Save processed feature matrix

Export the engineered dataset so training and comparison can be done in standalone .py scripts.

In [None]:
OUT_PATH = "data/processed/final_features.parquet"
os.makedirs(os.path.dirname(OUT_PATH), exist_ok=True)
final_features.to_parquet(OUT_PATH, index=False)
print("saved:", OUT_PATH, "shape:", final_features.shape)

Plot: class balance

Confirm RESULT is roughly balanced because we randomized player order.

plt.figure()
final_features["RESULT"].value_counts().sort_index().plot(kind="bar")
plt.xlabel("RESULT (1 = PLAYER_1 wins)")
plt.ylabel("Count")
plt.title("Class Balance")
plt.show()

Plot: feature distributions

Visualize key engineered features to verify reasonable ranges and detect extreme outliers.

In [None]:
cols = ["ATP_POINT_DIFF", "ATP_RANK_DIFF", "ELO_DIFF", "H2H_DIFF", "WIN_LAST_50_DIFF"]
for c in cols:
    plt.figure()
    plt.hist(final_features[c], bins=60)
    plt.title(f"Distribution: {c}")
    plt.xlabel(c)
    plt.ylabel("Count")
    plt.show()

Plot: correlation among key features

Check correlation structure among high-level features (Elo, rank/points, win form). Trees handle correlation well, but this helps interpret redundancy.

import numpy as np


corr_cols = [
    "ATP_POINT_DIFF",
    "ATP_RANK_DIFF",
    "ELO_DIFF",
    "ELO_SURFACE_DIFF",
    "WIN_LAST_10_DIFF",
    "WIN_LAST_50_DIFF",
    "H2H_DIFF",
    "H2H_SURFACE_DIFF",
]
C = final_features[corr_cols].corr().values


plt.figure()
plt.imshow(C, aspect="auto")
plt.xticks(range(len(corr_cols)), corr_cols, rotation=45, ha="right")
plt.yticks(range(len(corr_cols)), corr_cols)
plt.title("Correlation Heatmap (selected features)")
plt.colorbar()
plt.tight_layout()
plt.show()

Player ID → Name mapping

Load player metadata so we can select famous players and plot their Elo trajectories.

In [None]:
players_path = f"{DATA_DIR}/atp_players.csv"
players = pd.read_csv(players_path)
players["name"] = (
    players["name_first"].fillna("") + " " + players["name_last"].fillna("")
)
player_name = dict(zip(players["player_id"], players["name"]))
players.head()

Elo time-series extraction

Re-run a lightweight chronological pass to record Elo values after each match for selected players. We track overall Elo and surface-specific Elo.

In [None]:
selected_names = ["Novak Djokovic", "Rafael Nadal", "Roger Federer", "Andy Murray"]
selected_ids = [pid for pid, nm in player_name.items() if nm in selected_names]
selected_ids

Build Elo history table

Construct a long-format dataset of Elo points over time for each selected player and each surface

In [None]:
from collections import defaultdict


ELO_BASE = 1500.0
K_BASE = 32.0


elo_overall_ts = defaultdict(list)  # pid -> list of (date, elo)
elo_surface_ts = defaultdict(
    lambda: defaultdict(list)
)  # pid -> surface -> list of (date, elo)

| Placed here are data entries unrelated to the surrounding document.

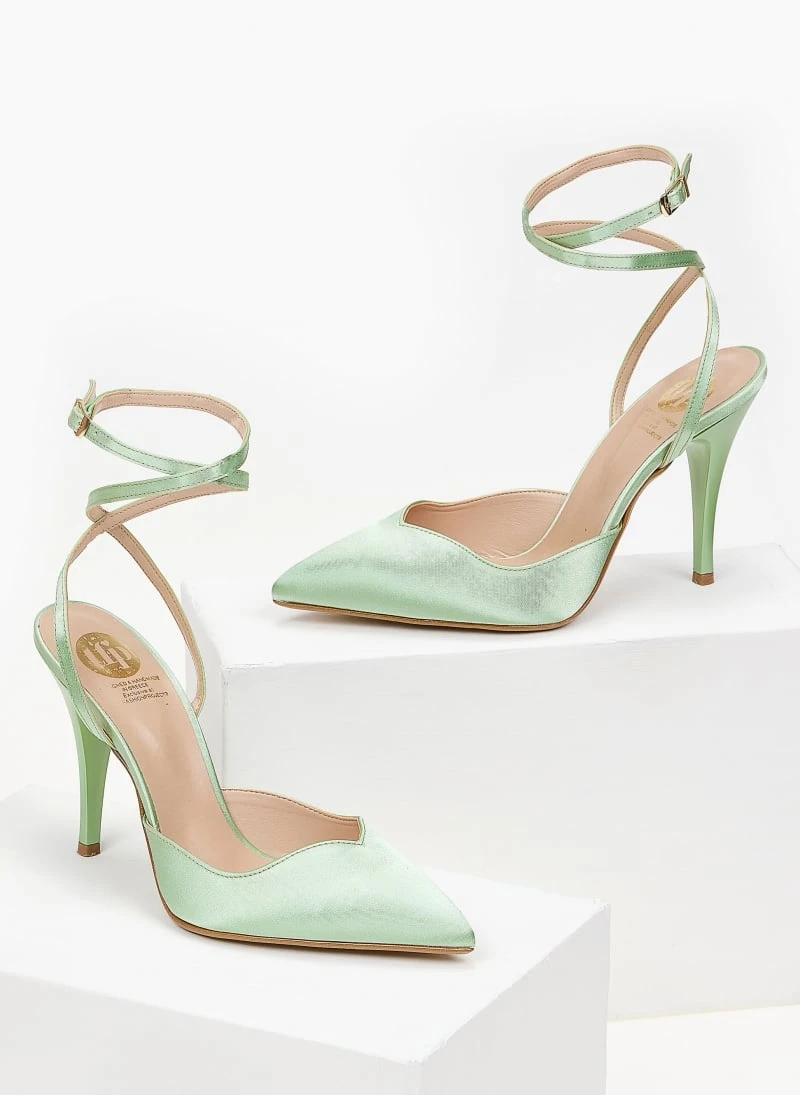 Γόβες μυτερές με ψηλό λεπτό τακούνι. Δένουν στο ύψος του αστραγάλου με χιαστί λουράκι. Δερμάτινος πάτος. Ελληνικής κατασκευής.
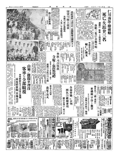 - 仁川南海(인천남해)에難破船(난파선) 死亡(사망)、失踪廿三名(실종입삼명)
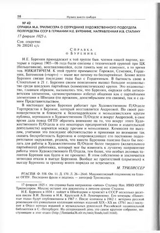 Главная Серия «Россия. XX век. Документы» Музыка вместо сумбура: Композиторы и музыканты в Стране Советов. 19... Справка М.А. Трилиссера о сотруднике художественного подотдела полп...
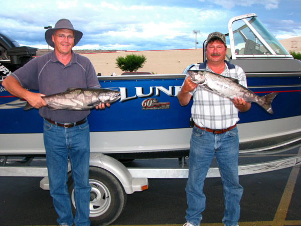 Scott Harker (left) of Cashmere and Greg Roehrich of East Wenatchee pose with the kings they caught fishing with me below Wells Dam.
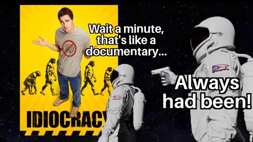 In Idiocracy, everybody is dumb. This is unrealistic, as in the past, now, and in the future, there have been, are and will be plenty of intensely intelligent people screaming the answers in our face, all while we keep fucking it up.
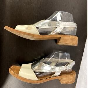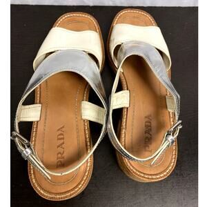 PRADA White Leather Metallic Silver Slingback Sandals Women's Size 40 Open Toe
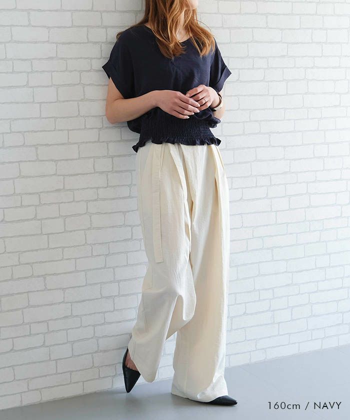 送料無料 ウエストシャーリング深Vネックブラウス ≪ゆうメール便配送20・代引不可≫ | アクアガレージ aquagarage
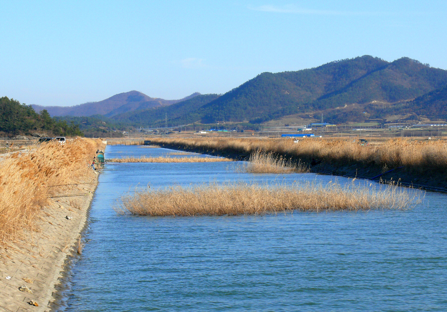 군내호 주변의 수로에는 몇몇 꾼들이 모여서 낚시를 즐기고 있어고, 군내호의 포인트에도 꾼들이 자리를 잡고 있었다.
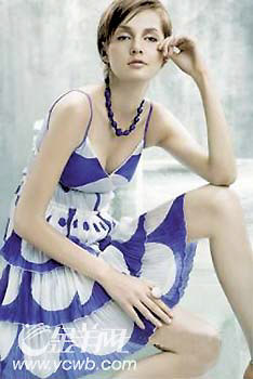 2006年的連衣裙也被地中海的風(fēng)暴所侵襲,在服飾顏色上,直逼自然的色彩成為流行重點(diǎn)。在常見(jiàn)的“地中海風(fēng)格”中,藍(lán)與白是主打色彩,藍(lán)色代表海洋,白色代表純潔的日光。

elo_o = defaultdict(lambda: ELO_BASE)
elo_s = defaultdict(lambda: defaultdict(lambda: ELO_BASE))


def expected_score(a, b):
    return 1.0 / (1.0 + 10.0 ** ((b - a) / 400.0))


def k_factor(best_of):
    return K_BASE * (1.15 if best_of == 5 else 1.0)

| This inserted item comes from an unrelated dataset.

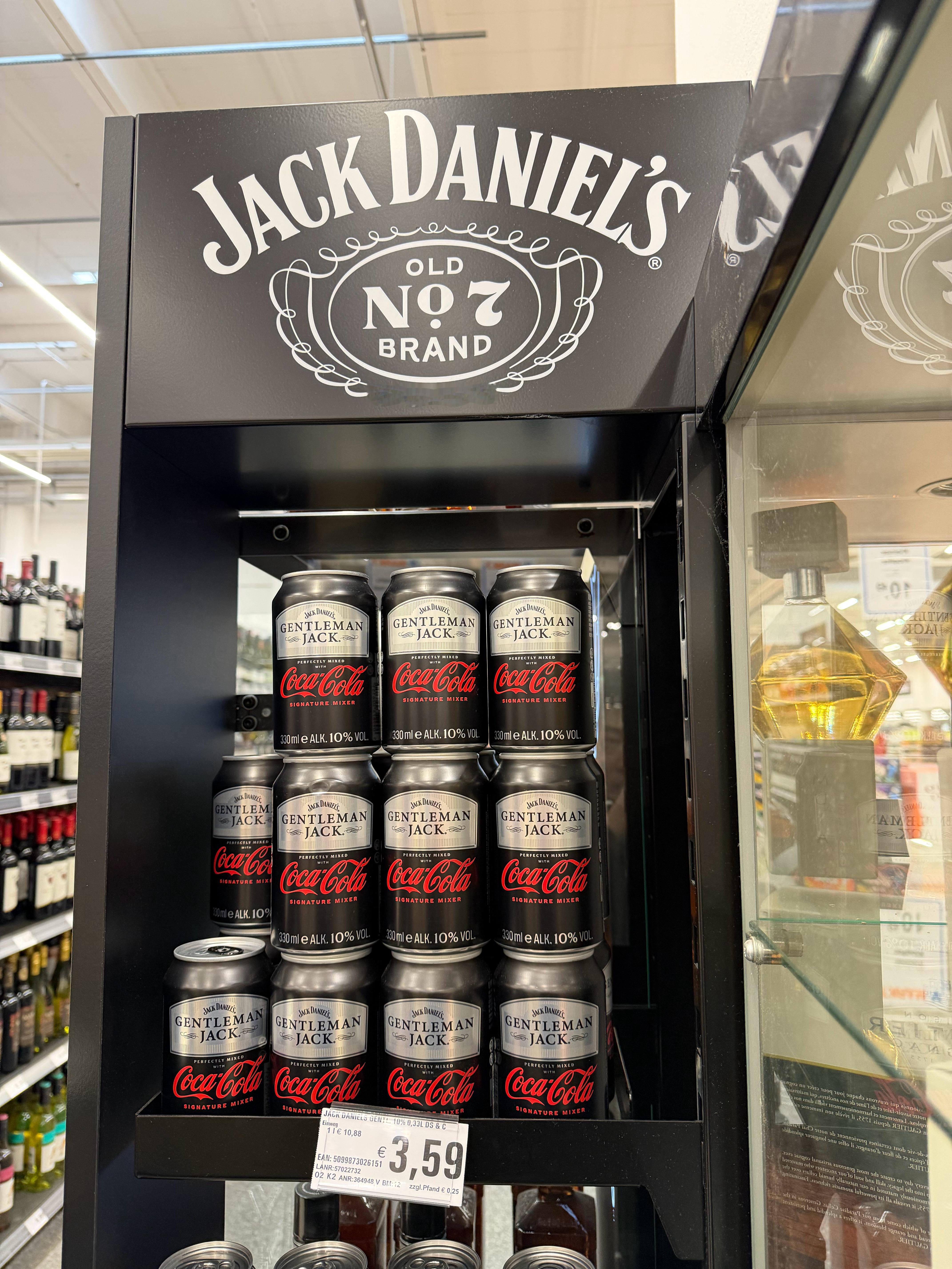 面对 杰克丹尼&可口可乐 联名的这个饮料,我愿称为之 资本主义的第一个陷阱。3.6欧元,离谱。 德国

for r in tqdm(df.itertuples(index=False), total=len(df)):
    w = int(r.winner_id)
    l = int(r.loser_id)
    surface = str(r.surface)
    date = int(r.tourney_date)

    K = k_factor(int(r.best_of))

    ew = expected_score(elo_o[w], elo_o[l])
    delta = K * (1.0 - ew)
    elo_o[w] += delta
    elo_o[l] -= delta

    ews = expected_score(elo_s[w][surface], elo_s[l][surface])
    delta_s = K * (1.0 - ews)
    elo_s[w][surface] += delta_s
    elo_s[l][surface] -= delta_s

    # record if selected
    if w in selected_ids:
        elo_overall_ts[w].append((date, float(elo_o[w])))
        elo_surface_ts[w][surface].append((date, float(elo_s[w][surface])))
    if l in selected_ids:
        elo_overall_ts[l].append((date, float(elo_o[l])))
        elo_surface_ts[l][surface].append((date, float(elo_s[l][surface])))


# convert to dataframe
rows_ts = []
for pid, pts in elo_overall_ts.items():
    for d, e in pts:
        rows_ts.append(
            {
                "player_id": pid,
                "name": player_name.get(pid, str(pid)),
                "date": d,
                "elo": e,
                "type": "overall",
            }
        )


for pid, bys in elo_surface_ts.items():
    for surf, pts in bys.items():
        for d, e in pts:
            rows_ts.append(
                {
                    "player_id": pid,
                    "name": player_name.get(pid, str(pid)),
                    "date": d,
                    "elo": e,
                    "type": f"surface:{surf}",
                }
            )


elo_df = pd.DataFrame(rows_ts)
elo_df.head()

Plot: Surface-specific Elo

Compare how a single player performs across different surfaces by plotting surface Elo time-series.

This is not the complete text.